Opera Shots: Home, Sevestapol

Graham Fitkin & Jasmin Vardimon, Neil Hannon
ROH2
Linbury Studio, Royal Opera House

Opera Shots, Royal Opera House

Opera shots is a pick and mix evening, a little of everything and if you put it all in your mouth together you can get explosive combinations. In its third year Opera Shots continues to flourish with two exciting new compositions.

Opera Shots brings composers unassociated with opera to provide 'new ideas, different perspectives and provocative themes’ (ROH2). A tall order some might say, yet these exciting collaborations have created just that, incredible new chamber operas that leave you gasping for more. Composer Neil Hannon writes in his introduction to Sevastopol, "my first (and quite probably last) attempt at opera"; I for one am crossing my fingers that he comes back for more.

On the bill tonight is Home, a collaboration between composer Graham Fitkin and esteemed choreographer and director Jasmin Vardimon. The pair have co-written the libretto, which aims to look at the idea of home and the fragility of the notion. Starting off with a cosily intertwined couple in a white wall canvas flat, the pair slowly become more aware of the hostile outside world. They try to hold on tight to their bubble, but to no avail as trumpeters force themselves through doorways and singers slash holes in the walls.

Black, cartoonesque projections (Jesse Collett) dress the flat, becoming increasingly interactive. Swirling leaves cover the walls as they blow in through the door, and as terror overcomes the couple the white space is inverted so it becomes a claustrophic black box. The two singers (Melanie Pappenheim and Victoria Couper) dressed entirely in white, become part of the blank canvas of the flat.

The first half of this could be a dance piece. The libretto, similar to Fitkin's minimalist score, is repetitive with phrases overlapping, more abstract background music than plot. Vardimon transforms the everyday fumbles between a couple into an intricate weaving of limbs and capitalises on that annoying new couple habit: the sense of the others presence and a desperate attempt to stay in contact at all times.

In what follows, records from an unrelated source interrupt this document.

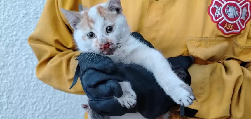 Un gatito fue rescatado por bomberos luego de quedar atrapado en una máquina de cobro dentro del Hospital Star Médica en Aguascalientes.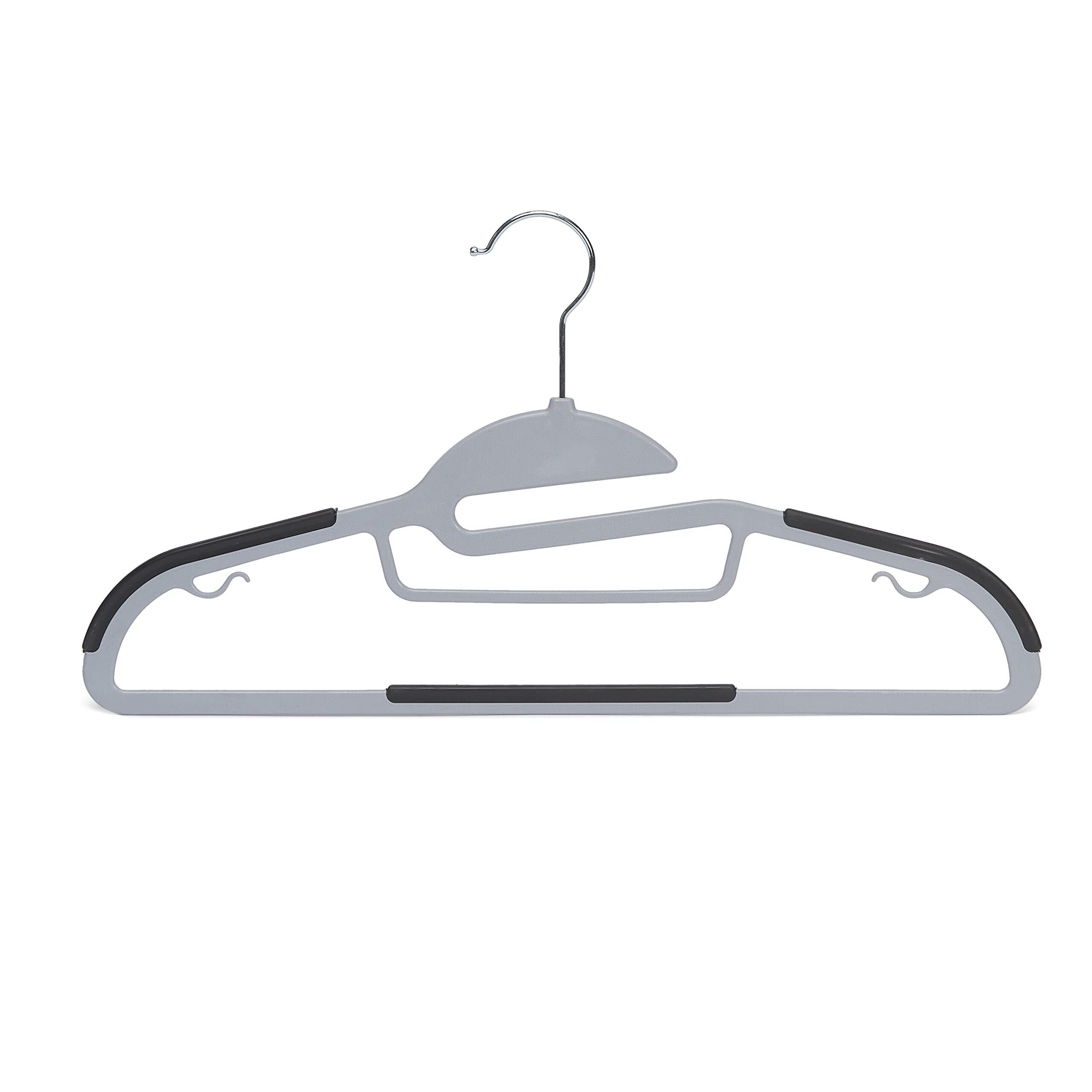 360度回転可能なフックが付いた、グレーのプラスチック製ハンガー50本組入り。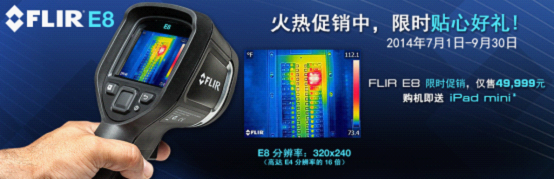 中国电力电工网讯:享誉世界的红外热像仪专家FLIR宣布,从即日起至2014年9月30日,旗下Ex系列红外热像仪重磅产品FLIR E8将限时促销,促销期间,FLIR E8除将产品单价优惠至49,999元以外,购机用户还将获得由指定经销商提供的贴心好礼——Apple iPad mini一台或等值其他礼品。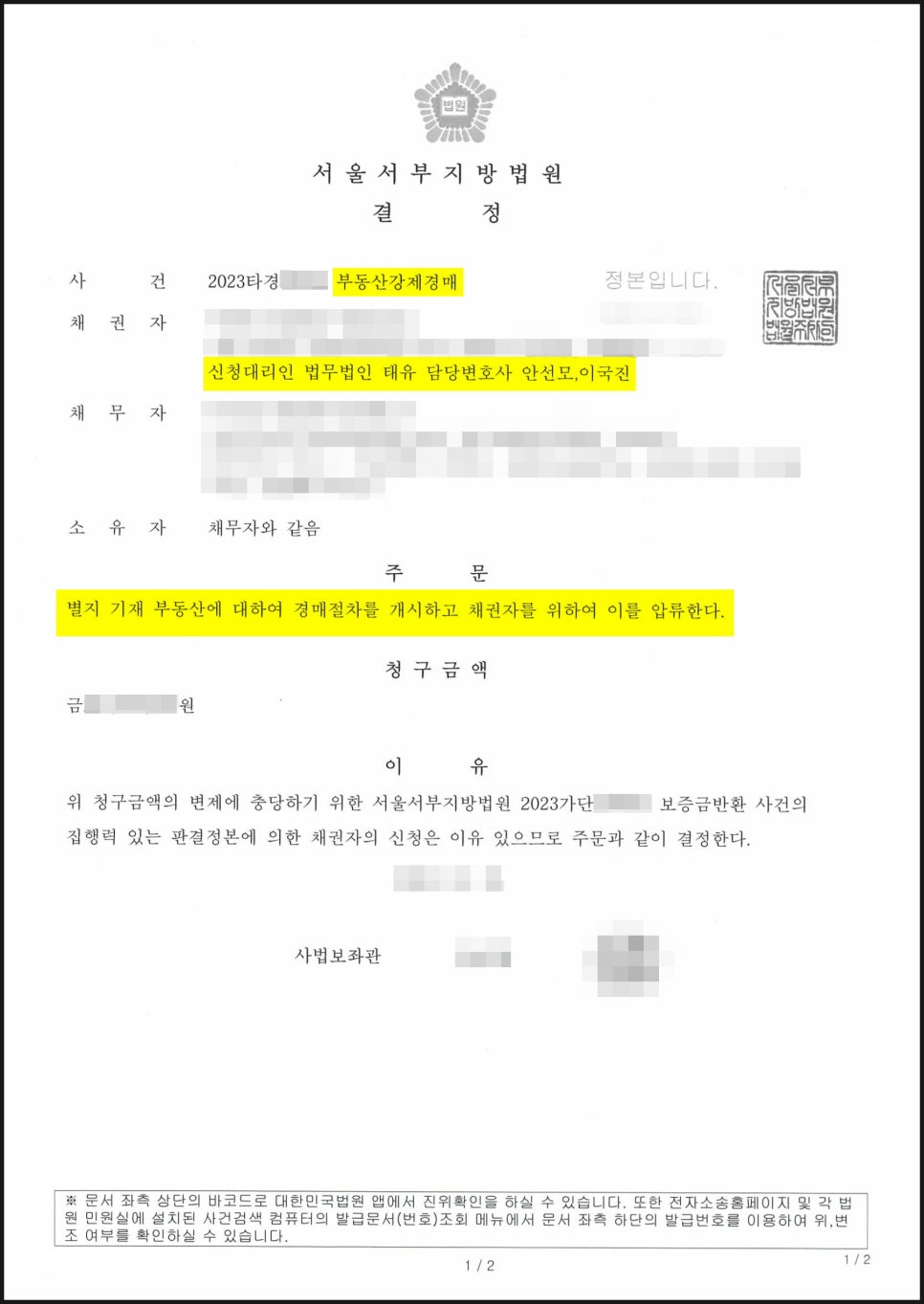 임대차보증금 문제로 고민하고 계시거나 부동산강제경매 절차를 고민하고 계시다면 언제든지 연락주십시오.

Watching this production raised the question, what is opera? The singing in this work is not in the traditional operatic style, and the singers are even miked to compensate for their location on stage and the orchestral forces they are projecting above. But Fitkin's music is sinewy and mesmerizing, and the subtle shifts in lyrics echo the growing fear onstage. Opera is known as a total art form and Home embodies this idea. All disciplines of the arts are present and are active participants in the action onstage. Dancers, singers, band members form part of the drama alongside clever set design. This is Vardimon’s first creation with live music onstage and she makes use of the instrumentalists to create a visual feast above a pulsating score.

Neil Hannon’s Sevastopol is entirely different. Famous as a singer in his own right and frontman of the Divine Comedy, this composition uses Tolstoy’s travels to the front line of the Crimean war. Hannon picks extracts from Tolstoy’s own writing and tracks a young Leo Tolstoy on his journey through Sevastopol. More in the vein of Les Miserable than our standard contemporary operatic fare, Hannon’s writing is at times beautifully lyrical, and Tolstoy’s (Richard Burkhead) aria ‘we go on’ when approaching the fourth bastion is firmly lodged in my memories.

Hannon creates caricatures of the different people Tolstoy encounters on his travels. The other four singers are transformed into a huge variety of individuals. Burkhead’s voice is rich, and he captures the expressions of someone full of wonder at a strange and horrifying new world. Emma Baileys mud- and blood-caked set evokes the long, drawn out battles that must have been carried out, and the rectangle shapes littered around the stage a coffin-shaped reminder of death.

At times poignant and moving, this production is extremely accessible for a non opera lover combining Hannon’s pop background with exquisite music making from the cast and ensemble. However Hannon doesn’t quite push far enough into the desperation and the climactic final scene falls a little short of the previous number.

As very different compositions, the only thing these two operas have in common is their brevity and beautiful, innovative set ideas created by Emma Bailey (a winner of the Linbury Prize for Stage Design 2011). The 2012 Opera Shots experience is an exciting exploration into where opera can go; these music theatre pieces both touch on new sound worlds for the opera genre.